Items from a dataset

============================================================

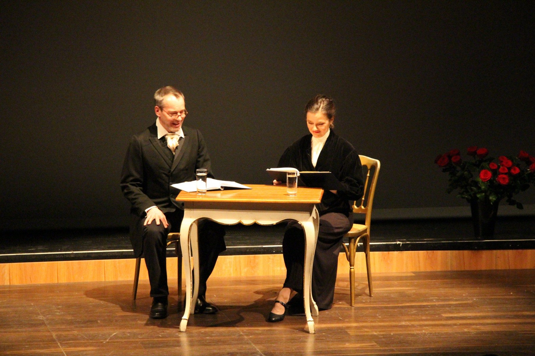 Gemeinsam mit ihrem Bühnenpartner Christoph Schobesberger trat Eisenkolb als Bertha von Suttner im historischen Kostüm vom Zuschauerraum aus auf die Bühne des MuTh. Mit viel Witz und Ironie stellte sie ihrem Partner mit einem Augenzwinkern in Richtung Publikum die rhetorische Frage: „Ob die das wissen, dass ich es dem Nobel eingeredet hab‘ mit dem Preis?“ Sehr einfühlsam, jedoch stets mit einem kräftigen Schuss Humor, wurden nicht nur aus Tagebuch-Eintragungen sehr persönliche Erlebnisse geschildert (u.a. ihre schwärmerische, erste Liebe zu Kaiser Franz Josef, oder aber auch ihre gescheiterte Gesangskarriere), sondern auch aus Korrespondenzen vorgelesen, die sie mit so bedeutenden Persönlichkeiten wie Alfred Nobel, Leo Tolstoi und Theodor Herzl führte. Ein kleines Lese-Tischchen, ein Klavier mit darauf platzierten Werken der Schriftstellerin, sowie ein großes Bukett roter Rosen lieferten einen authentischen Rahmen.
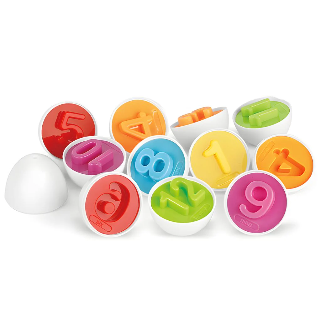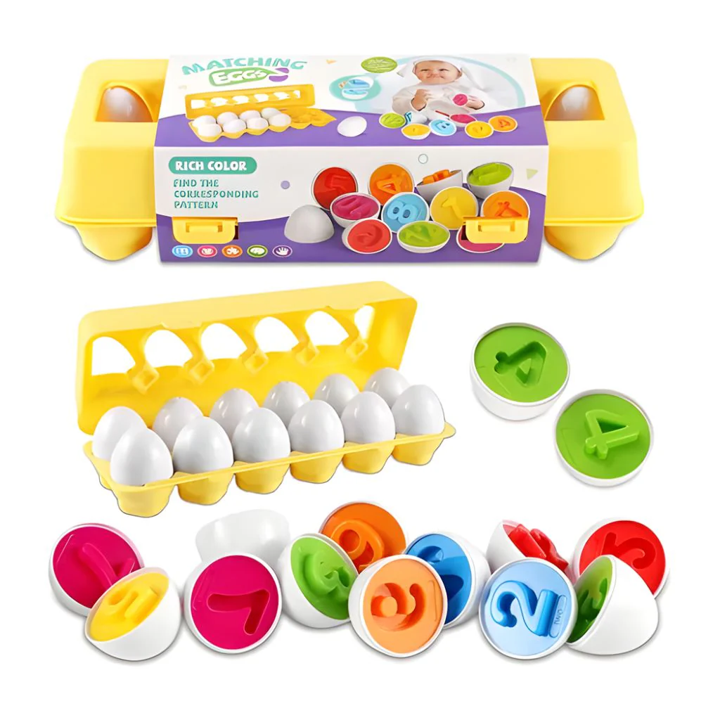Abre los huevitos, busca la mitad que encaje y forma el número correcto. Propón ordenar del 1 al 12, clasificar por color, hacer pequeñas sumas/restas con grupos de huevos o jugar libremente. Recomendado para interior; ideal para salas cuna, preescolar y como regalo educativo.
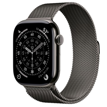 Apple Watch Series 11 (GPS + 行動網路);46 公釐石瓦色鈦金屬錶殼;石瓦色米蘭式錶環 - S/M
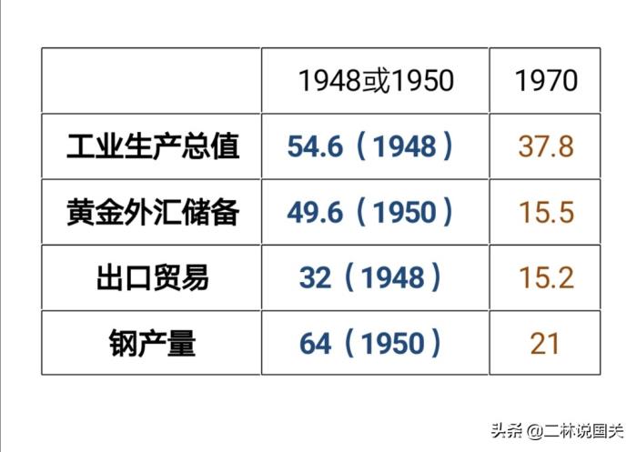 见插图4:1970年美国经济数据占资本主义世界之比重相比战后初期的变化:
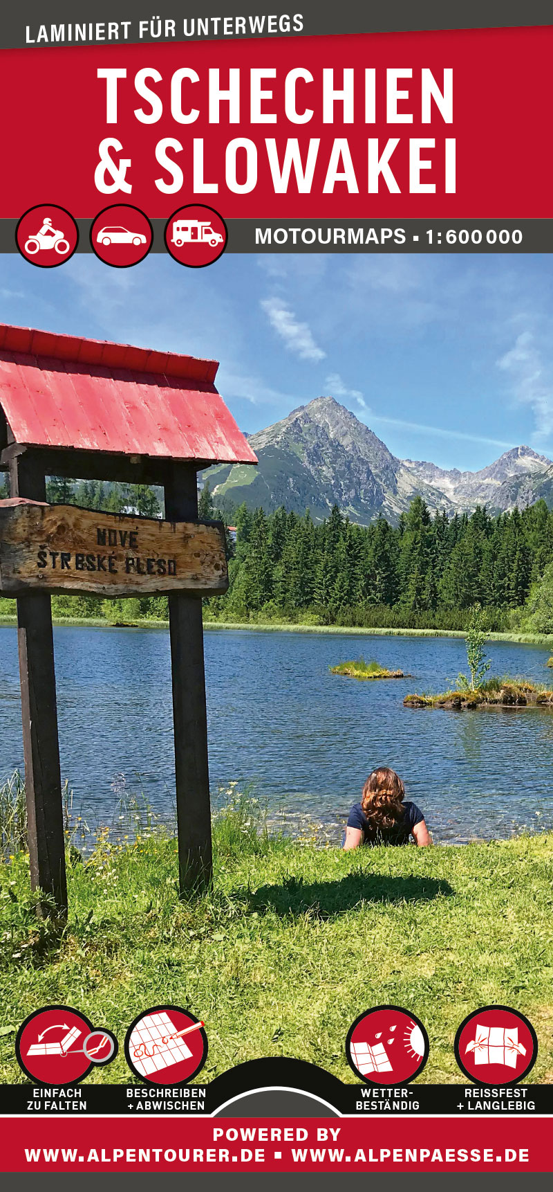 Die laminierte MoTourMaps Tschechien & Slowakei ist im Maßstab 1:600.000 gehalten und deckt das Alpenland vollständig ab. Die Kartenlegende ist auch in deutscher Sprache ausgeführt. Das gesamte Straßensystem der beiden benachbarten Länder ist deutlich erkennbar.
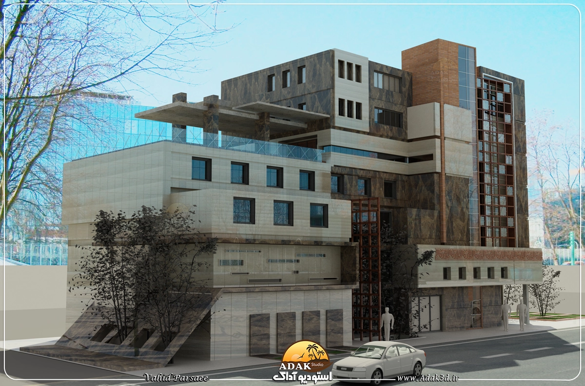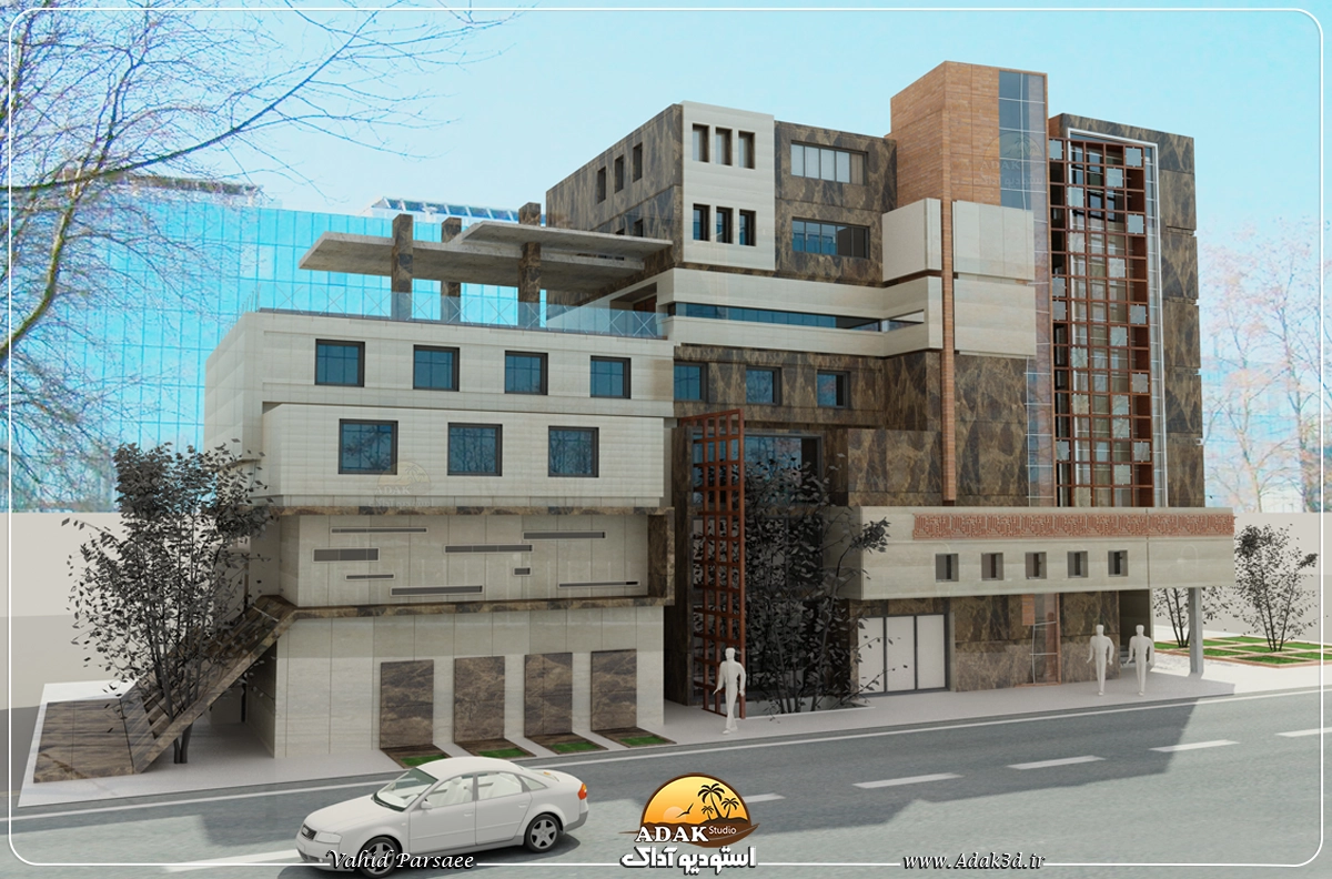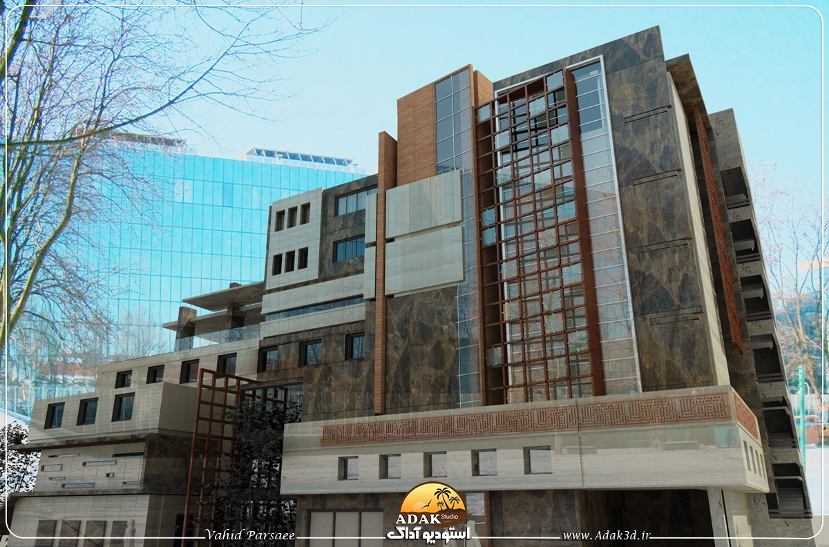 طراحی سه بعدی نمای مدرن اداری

============================================================

(TRY IT)
For each entry above, write it out again exactly but leave out any picture.

(ANSWER TO THIS EXERCISE)
 Gemeinsam mit ihrem Bühnenpartner Christoph Schobesberger trat Eisenkolb als Bertha von Suttner im historischen Kostüm vom Zuschauerraum aus auf die Bühne des MuTh. Mit viel Witz und Ironie stellte sie ihrem Partner mit einem Augenzwinkern in Richtung Publikum die rhetorische Frage: „Ob die das wissen, dass ich es dem Nobel eingeredet hab‘ mit dem Preis?“ Sehr einfühlsam, jedoch stets mit einem kräftigen Schuss Humor, wurden nicht nur aus Tagebuch-Eintragungen sehr persönliche Erlebnisse geschildert (u.a. ihre schwärmerische, erste Liebe zu Kaiser Franz Josef, oder aber auch ihre gescheiterte Gesangskarriere), sondern auch aus Korrespondenzen vorgelesen, die sie mit so bedeutenden Persönlichkeiten wie Alfred Nobel, Leo Tolstoi und Theodor Herzl führte. Ein kleines Lese-Tischchen, ein Klavier mit darauf platzierten Werken der Schriftstellerin, sowie ein großes Bukett roter Rosen lieferten einen authentischen Rahmen.
Abre los huevitos, busca la mitad que encaje y forma el número correcto. Propón ordenar del 1 al 12, clasificar por color, hacer pequeñas sumas/restas con grupos de huevos o jugar libremente. Recomendado para interior; ideal para salas cuna, preescolar y como regalo educativo.
 Apple Watch Series 11 (GPS + 行動網路);46 公釐石瓦色鈦金屬錶殼;石瓦色米蘭式錶環 - S/M
 见插图4:1970年美国经济数据占资本主义世界之比重相比战后初期的变化:
 Die laminierte MoTourMaps Tschechien & Slowakei ist im Maßstab 1:600.000 gehalten und deckt das Alpenland vollständig ab. Die Kartenlegende ist auch in deutscher Sprache ausgeführt. Das gesamte Straßensystem der beiden benachbarten Länder ist deutlich erkennbar.
 طراحی سه بعدی نمای مدرن اداری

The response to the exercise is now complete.